The distance to the pin is always displayed in the upper right hand corner. If the pin is up front or in the back of the green, just touch the upper right hand corner to zoom in on the green. Touch the location of where the pin is on the green, and the display automatically gives you the new distance to the pin! Touch anywhere on the fairway, and the unit instantly gives you distances to that point. Nothing could be easier! The unit also measures any shot very easily. Touch "Measure Shot" on the screen and begin walking to your ball. The Garmin begins counting the yardage as you walk! It's also very easy to keep score for each person in your foursome. The batteries last two rounds. Rechargeable batteries are highly recommended. The unit is waterproof, so don't worry about it getting wet! It fits easily in your front pocket. I also bought the Garmin clip for my golf bag, but haven't tried that yet.

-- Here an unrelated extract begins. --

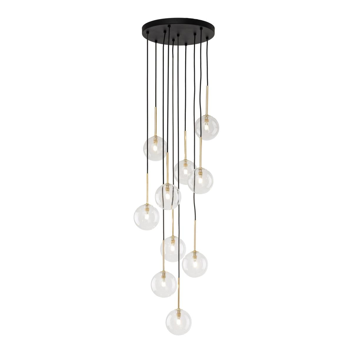 NILOS-lamper er en familie av designer-pendellamper med et moderne og elegant utseende. De er preget av gjennomsiktige glasskjermer som gir utmerket lysspredning. Hver lampe har også en gullhylse ved skjermen, som gir en luksuriøs aksent. Høyden på lampene kan justeres etter dine preferanser, da pendlene med lampeskjermer skaper kaskader av forskjellige lengder. Høydejustering gir oss muligheten til å skape et unikt og individuelt utseende av interiøret vårt.

Some reviews put down the Garmin because they said it was hard to see in the sunlight. However, I have not seen where that's true. Just a little tilt to the screen one way or the other and it becomes easily viewable, even in direct sunlight. I've used other GPS devices but this one is just plain simple and easy to use. Only the Garmin and the Golf Buddy have no annual subscription fees. I chose the Garmin because I love the way is shows you a very clear visual of the whole fairway when standing on the teebox. The Golf Buddy doesn't do this. Also, most GPS devices use an installed rechargeable battery, so if it goes dead, you have no way to replace the battery on the course until you get home to recharge it again! The Garmin uses 2 AA batteries, so I always keep an extra set in my bag. If the batteries die during the round, just pop in two new ones. All data for that round will be saved if you need to change the batteries. One click of the on/off button and it shows you the amount of battery power left. I looked at several other GPS devices: Golf Buddy, Callaway, and the SkyCaddie, but the Garmin just seemed the simplest and easiest to use. And once you get out on the course, you'll realize how important this becomes!

Only one Con about this item that I can think of: At the end of the round, it gives you your score in how many over par your are (ex. +8). I would prefer it actually gave you an actual number (ex. 80).

I would definitely recommend this product to a friend.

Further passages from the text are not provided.